Understanding it’s a “brain glitch” is key

Helpful strategies for dealing with OCD

If you’re tasked with caring for a child with OCD, whether your own or someone else’s, you know how difficult it can be to stay calm when things go awry. A child will have a wildly irrational fear of something – like knives, or some kind of food – and will need to engage in repetitive, ritualistic behavior – like humming or washing hands, or counting and re-counting steps. When you know full well the child’s anxieties are totally unfounded, and their behaviors completely unhelpful, you want to do for them what you’d want someone to do for you: explain things away through logic and reasoning, enlighten them with your experience and easily verifiable knowledge. 

In a very helpful article for Turning Point Psychology, psychologist Anna Prudovski points out how and why those knee-jerk caregiver behaviors are, in fact, counter-productive. Those are in her “Don’t” list. Thankfully, however, she lists twice as many “Do’s” as “Don’t’s,” explaining how OCD must be understood as independent of the afflicted.

For instance, she advises giving the OCD a derogatory name, like “Cruella DeVille.” Or just saying, “OCD is making you feel like you need to count all the forks.”
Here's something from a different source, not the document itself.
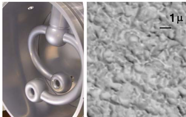
Figure 2. Re-plated SLR and microstructure of deposit produced using the adopted plating procedure

Re-plated SLR and a SEM image of a sample deposit produced using this procedure are shown in figure 2.

RELATED: Does your child have OCD?

Or, as Prudovski puts it, “It is not really important which arguments the OCD uses to get the child to perform a compulsion. It’s very important, though, to point out to the child that it’s the OCD – the glitch/ the bully/ the brain bug/ the silly hiccup/ Mr. Clean – that is speaking up now. Therefore, address the process by pointing out the offender (the OCD) and not the content of the obsessions. Tell your child, ‘The OCD is trying to trick you again.’ Or ask, ‘Is 'the meanie dude' trying to bully you?’”

More helpful hints include encouraging the child to postpone or change rituals, and then ask afterwards, “Did what you expect happen?” or, “Was it as bad as you expected?”

It’s a very helpful read. When you are advised to “be kind” and “be compassionate,” you’re not always given tips on exactly how to do that. Prudovski does.